◆ Try it: The entries below are to be returned as written, with all pictures dropped.

◆ Data supplied:
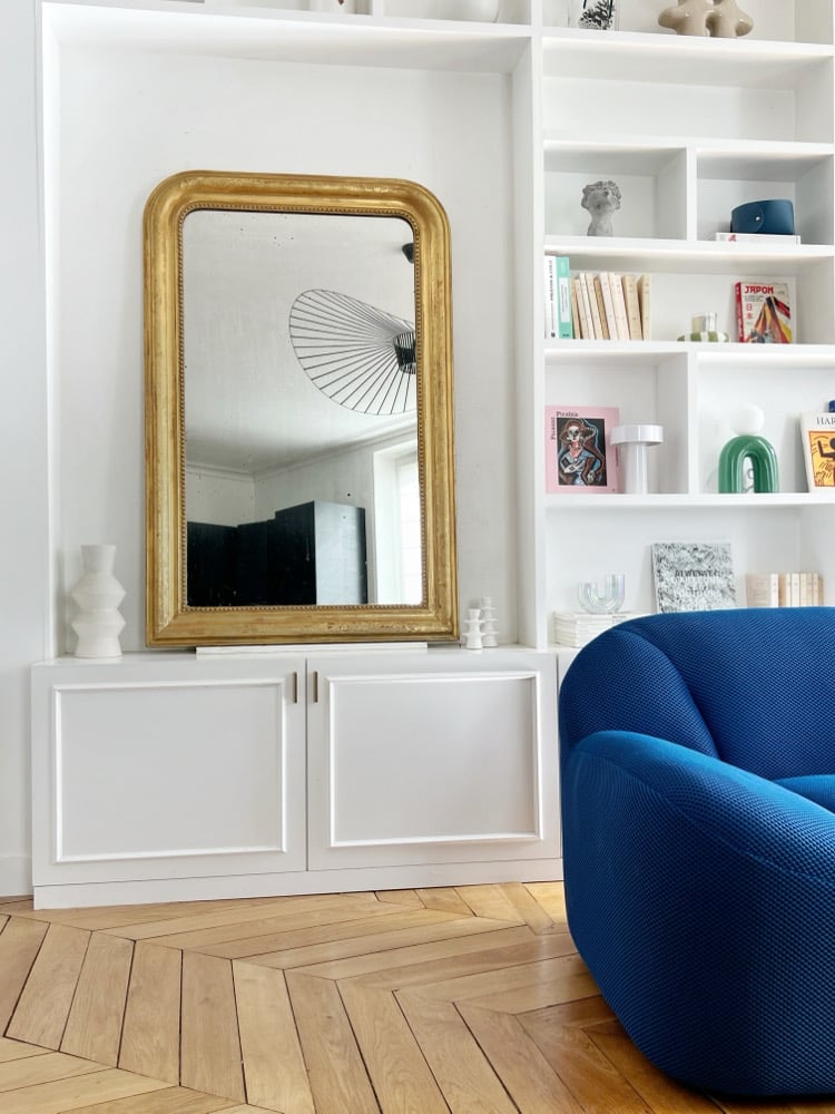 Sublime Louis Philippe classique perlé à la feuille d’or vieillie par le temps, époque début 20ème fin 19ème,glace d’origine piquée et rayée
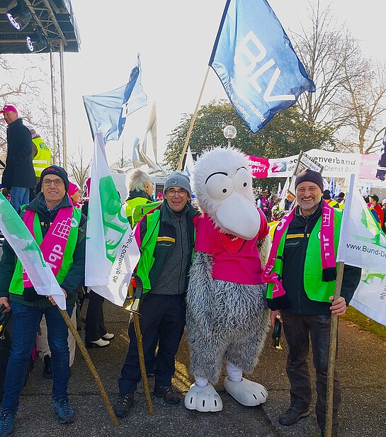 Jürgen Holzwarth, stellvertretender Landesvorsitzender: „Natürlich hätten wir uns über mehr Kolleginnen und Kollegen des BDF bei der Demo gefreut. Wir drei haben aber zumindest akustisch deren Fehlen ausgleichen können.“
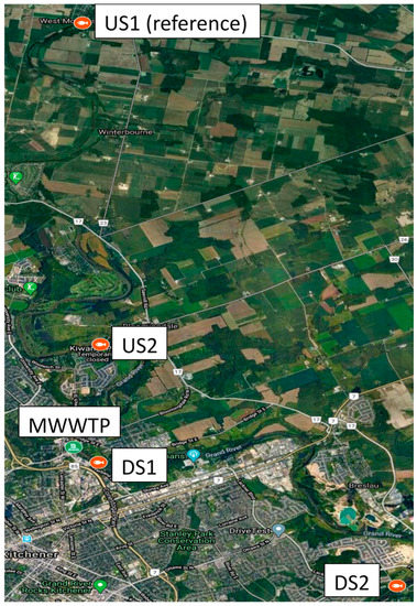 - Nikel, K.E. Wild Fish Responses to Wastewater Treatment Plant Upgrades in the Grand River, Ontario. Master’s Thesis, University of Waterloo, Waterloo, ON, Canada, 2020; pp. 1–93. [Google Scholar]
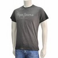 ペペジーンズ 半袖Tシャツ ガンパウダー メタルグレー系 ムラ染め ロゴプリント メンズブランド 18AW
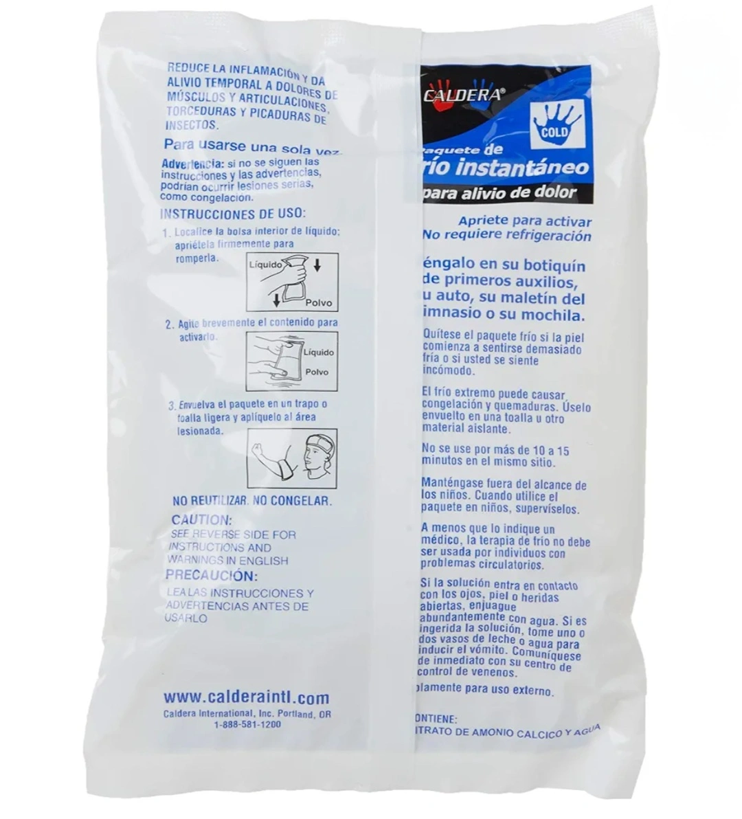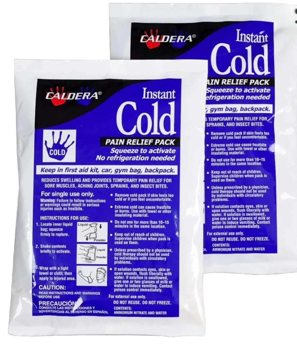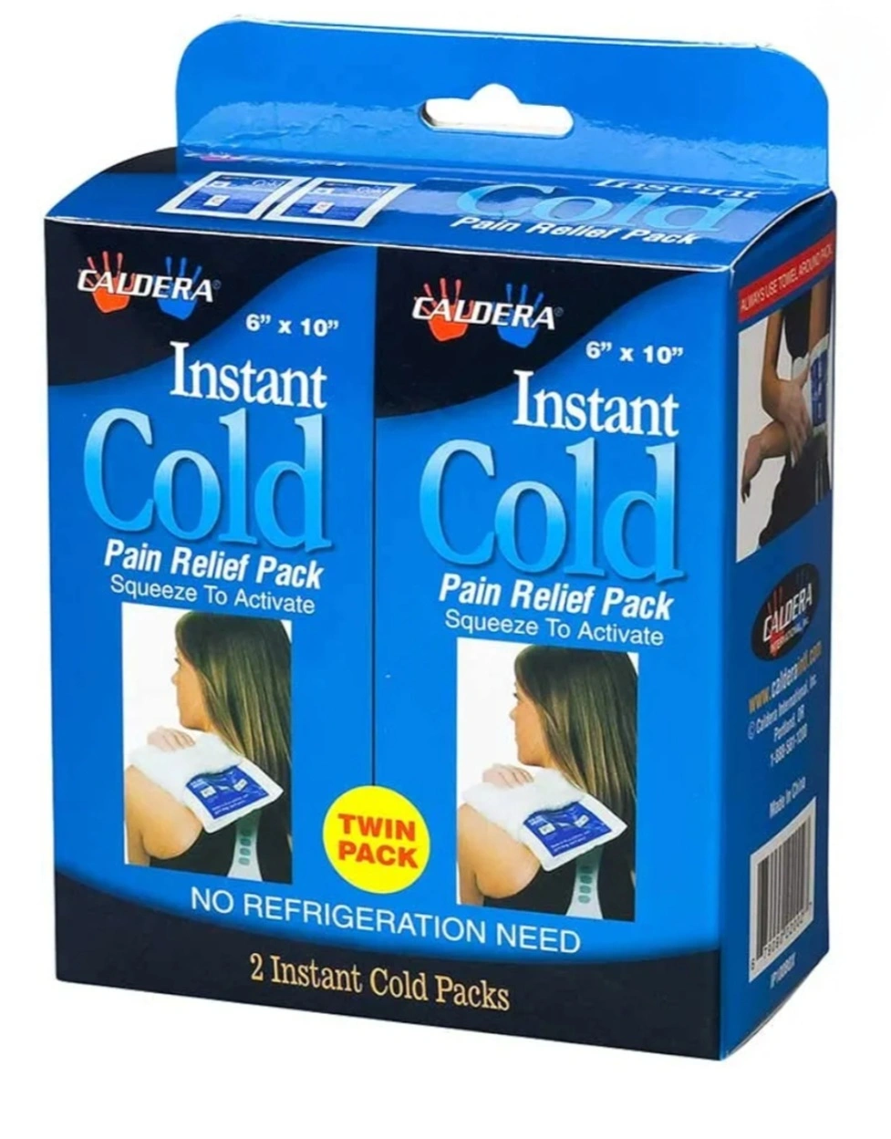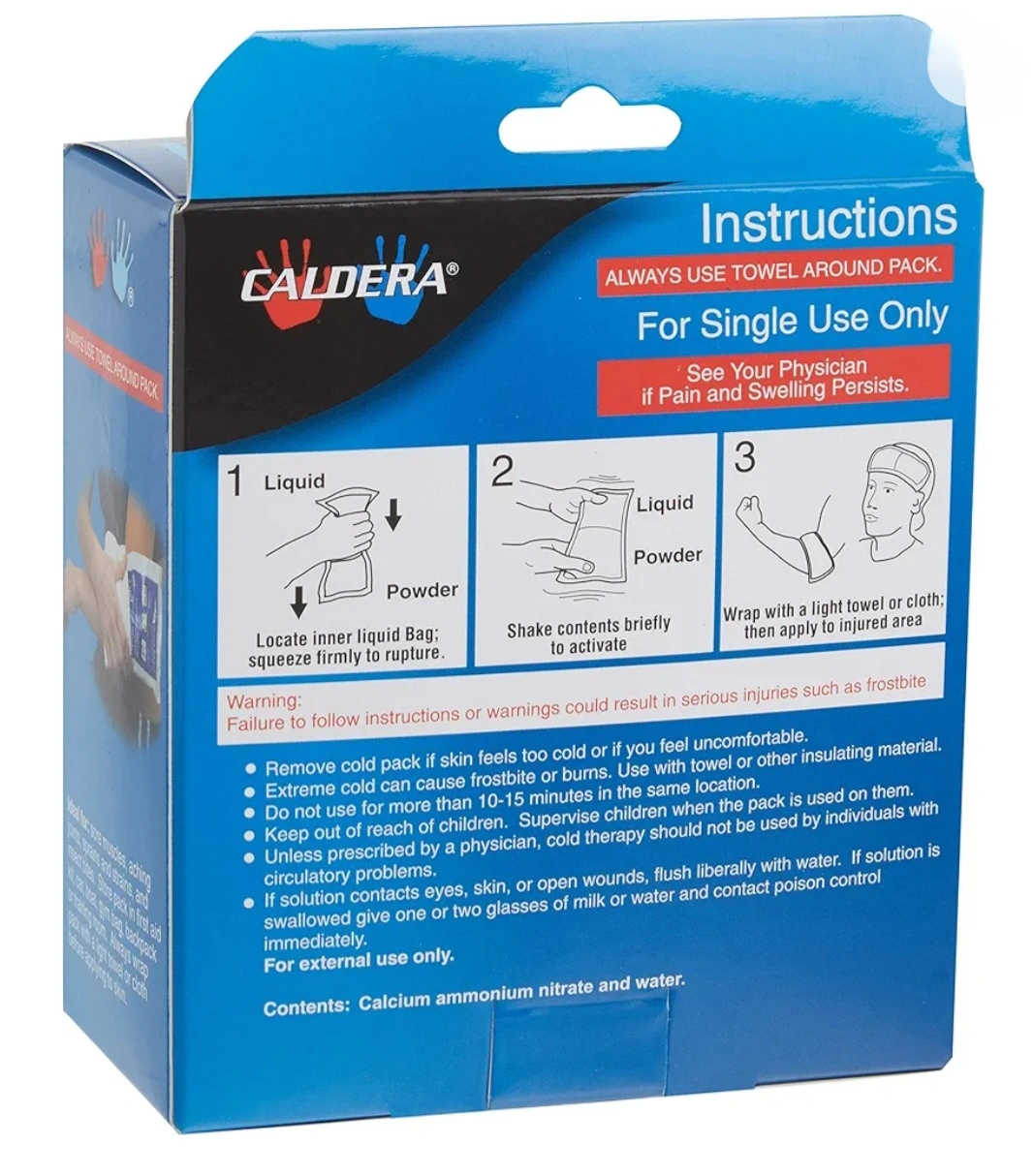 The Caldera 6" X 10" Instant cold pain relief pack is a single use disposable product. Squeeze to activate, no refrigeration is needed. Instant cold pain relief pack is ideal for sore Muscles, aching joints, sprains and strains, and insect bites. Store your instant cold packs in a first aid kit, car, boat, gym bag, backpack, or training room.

◆ Exercise answer:
 Sublime Louis Philippe classique perlé à la feuille d’or vieillie par le temps, époque début 20ème fin 19ème,glace d’origine piquée et rayée
 Jürgen Holzwarth, stellvertretender Landesvorsitzender: „Natürlich hätten wir uns über mehr Kolleginnen und Kollegen des BDF bei der Demo gefreut. Wir drei haben aber zumindest akustisch deren Fehlen ausgleichen können.“
 - Nikel, K.E. Wild Fish Responses to Wastewater Treatment Plant Upgrades in the Grand River, Ontario. Master’s Thesis, University of Waterloo, Waterloo, ON, Canada, 2020; pp. 1–93. [Google Scholar]
 ペペジーンズ 半袖Tシャツ ガンパウダー メタルグレー系 ムラ染め ロゴプリント メンズブランド 18AW
 The Caldera 6" X 10" Instant cold pain relief pack is a single use disposable product. Squeeze to activate, no refrigeration is needed. Instant cold pain relief pack is ideal for sore Muscles, aching joints, sprains and strains, and insect bites. Store your instant cold packs in a first aid kit, car, boat, gym bag, backpack, or training room.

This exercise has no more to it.